Hum indeed! Would be nice to have a simpler way than having to create a learner to then extract the interesting part of the model, the encoder.
I modified my code to use a different DataBunch that has a .c property. Because TextLMDataBunch doesn’t have one. So for anyone interested I used:
textList = TextList.from_df(pictures, cols='NameDefault', path=path, vocab=vocab)
data_text = textList.random_split_by_pct(.2).label_from_df(cols='Passed').databunch(bs=bs, num_workers=0) # used num_workers=0 because in windows, multiprocessing in jupyter is causing problems...
Also for this to train at all, I had to use RNNTrainer with my learner… Be advised that I don’t realy understand what RNNTrainer does… But the normal RNNTrainer used in RNNLearner seemed to create problem in the loss calculation methods with my custom model… So for now I created a really simple replacement just to see if I could get this thing to train at all…
class RNNTrainerSimple(LearnerCallback):
"`Callback` that regroups lr adjustment to seq_len, AR and TAR."

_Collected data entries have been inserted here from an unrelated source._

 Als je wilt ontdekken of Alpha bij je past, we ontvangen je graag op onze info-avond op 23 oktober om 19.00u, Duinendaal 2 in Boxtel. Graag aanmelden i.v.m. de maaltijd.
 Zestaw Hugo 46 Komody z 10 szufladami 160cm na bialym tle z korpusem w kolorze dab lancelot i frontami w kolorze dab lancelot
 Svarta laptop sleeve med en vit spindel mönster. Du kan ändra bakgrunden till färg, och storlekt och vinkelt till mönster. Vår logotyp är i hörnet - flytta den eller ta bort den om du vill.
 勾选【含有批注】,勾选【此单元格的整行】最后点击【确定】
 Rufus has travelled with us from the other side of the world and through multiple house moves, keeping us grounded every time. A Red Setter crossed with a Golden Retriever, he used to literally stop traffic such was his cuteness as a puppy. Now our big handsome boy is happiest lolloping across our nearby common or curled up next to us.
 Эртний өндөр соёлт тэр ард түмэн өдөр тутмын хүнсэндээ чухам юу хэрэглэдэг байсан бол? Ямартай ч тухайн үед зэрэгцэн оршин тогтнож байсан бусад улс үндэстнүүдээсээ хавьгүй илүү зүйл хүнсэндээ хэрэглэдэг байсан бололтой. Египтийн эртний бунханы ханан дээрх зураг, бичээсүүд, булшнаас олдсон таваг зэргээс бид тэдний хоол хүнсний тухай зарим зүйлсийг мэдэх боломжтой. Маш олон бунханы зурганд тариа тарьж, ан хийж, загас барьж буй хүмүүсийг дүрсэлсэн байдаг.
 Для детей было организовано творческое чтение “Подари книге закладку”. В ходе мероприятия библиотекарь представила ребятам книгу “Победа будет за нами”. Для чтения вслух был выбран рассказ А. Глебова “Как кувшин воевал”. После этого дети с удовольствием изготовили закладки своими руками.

def __init__(self, learn:Learner, alpha:float=0., beta:float=0.):
super().__init__(learn)
self.not_min += ['raw_out', 'out']
self.alpha,self.beta = alpha,beta
def on_epoch_begin(self, **kwargs):
"Reset the hidden state of the model."
self.learn.model.reset()
Then I had to make a custom Learner class to use this RNNTrainerSimple class:
class ImageTabularTextLearner(Learner):
def __init__(self, data:DataBunch, model:nn.Module, split_func:OptSplitFunc=None, clip:float=None,
alpha:float=2., beta:float=1., metrics=None, **learn_kwargs):
super().__init__(data, model, **learn_kwargs)
self.callbacks.append(RNNTrainerSimple(self, alpha=alpha, beta=beta))

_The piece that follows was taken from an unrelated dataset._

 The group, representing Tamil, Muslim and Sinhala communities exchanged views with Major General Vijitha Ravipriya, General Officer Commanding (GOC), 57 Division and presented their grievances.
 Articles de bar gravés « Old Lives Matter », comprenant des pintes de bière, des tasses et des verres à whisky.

Also I had to add a reset method in ImageTabularModel.
def reset(self):
for c in self.children():
if hasattr(c, 'reset'): c.reset()
This is training so far, the loss hasn’t been NaN yet…
Now my code is in dire need of a refactoring. I also need to work on a way to handle freeze/unfreeze, group layers to handle discriminative learning rates etc.